Several people in Lebanon, Syria and Turkey who have been able to make contact with relatives in Raqqa say the recent French airstrikes — a barrage of about 30 on Sunday night and seven more on Monday — did not kill any civilians. But neither did they inflict serious military damage, those people said, instead hitting empty areas or buildings, or parts of the territory of factory complexes or military bases used by the Islamic State.
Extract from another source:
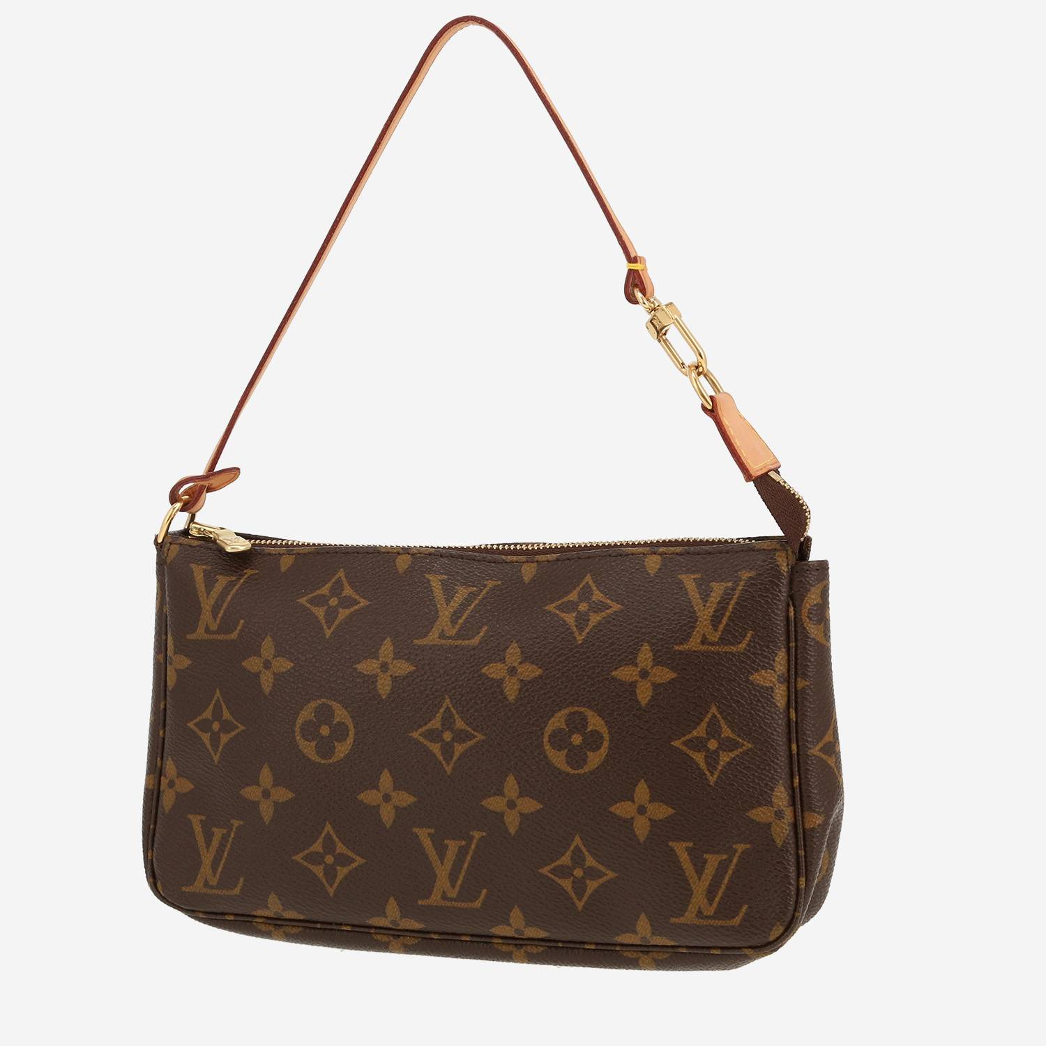 Magnifique sac à main Louis Vuitton Pochette accessoires en toile monogram marron et cuir naturel, garniture en métal doré, une anse amovible en cuir naturel permettant un porté main ou épaule.
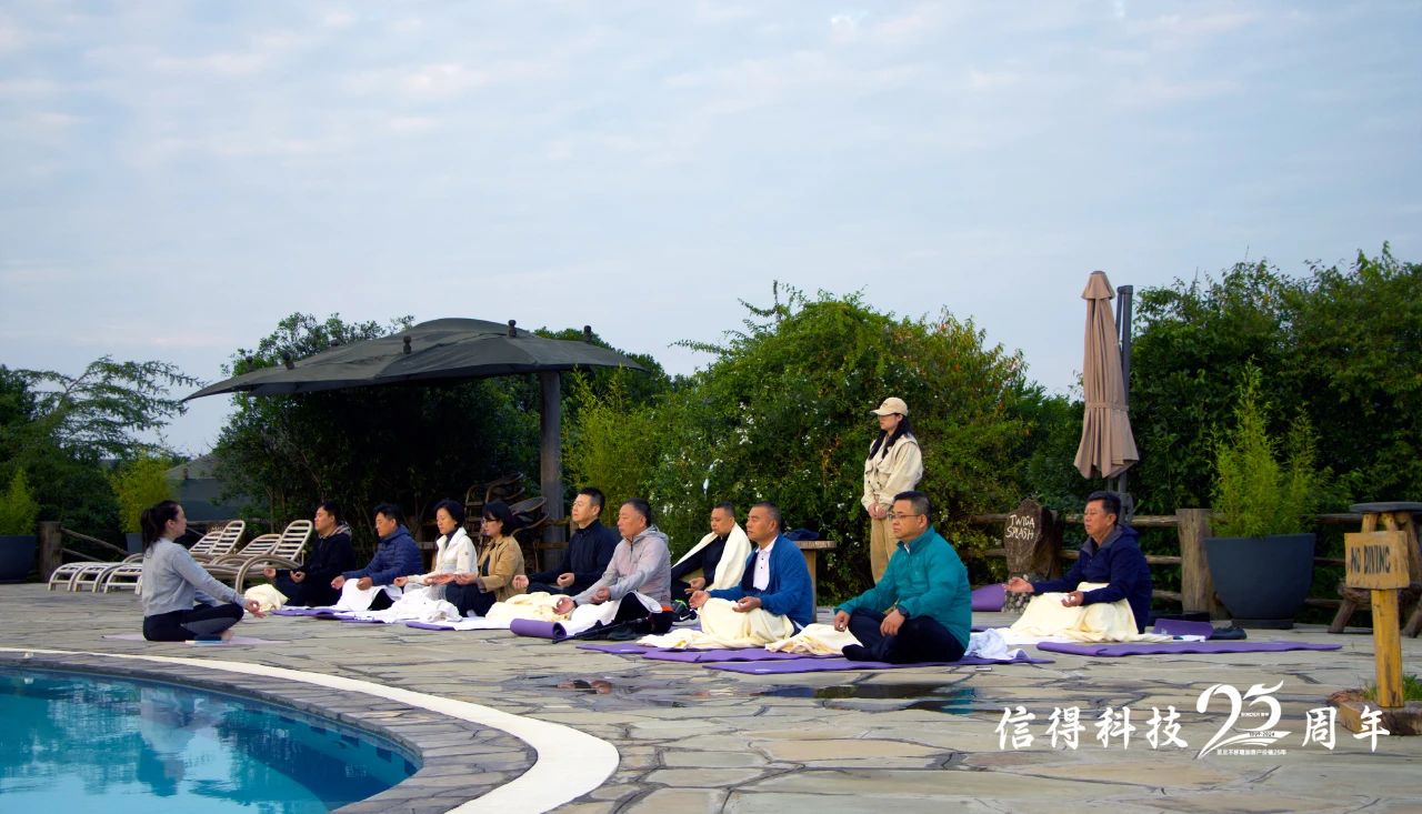 置身在肯尼亚壮美的自然风景中,企业家们远离城市喧嚣,在青山绿水间徜徉,在青草环绕,微风轻抚的自然环境中,给繁杂的生活按下暂停键,进行了一场宁静之地的冥想体验。企业家们身着宽松衣服,席地而坐,闭上双眼,在大自然的抱持中,回归本心,提升心力,链接宇宙能量,收获人生智慧。

Abdullah, a Syrian concierge in Beirut who reached his sister in Raqqa on Tuesday, said that in the case of the seven French airstrikes on Monday, “all these strikes are targeting abandoned empty locations.” The day before, he said, the 30 French airstrikes hit mainly the outskirts of the city. “Thank God, no civilians died,” he said.

The activist group Raqqa Is Being Slaughtered Silently, which opposes both the Islamic State and the Syrian government, also insisted that no civilians had been killed in the French barrages. It had yet to post information about the Russian airstrikes that took place on Tuesday, lacking more recent updates.

More French airstrikes, reaching 25 to 30, struck Raqqa late Tuesday, according to the Syrian Observatory for Human Rights, a monitoring group in Britain that has a network of contacts in Syria. Many of the strikes hit deserted areas that had already been struck, but casualties were reported in addition to property damage, the group said.

Also
Despite his allegiance to the Syrian government, Shadi said that as a practical matter government airstrikes tended to hit less precisely, whereas American ones had sometimes been accurate enough to kill Islamic State commanders in their cars.

Earlier Russian airstrikes in Syria, including a few on Raqqa but also in other parts, had not proved much better than the government ones, because, he said, Russians lacked “people on the ground.”


Personally, I'd like to see some clowncar boots on the ground in Raqqa, but that's just me.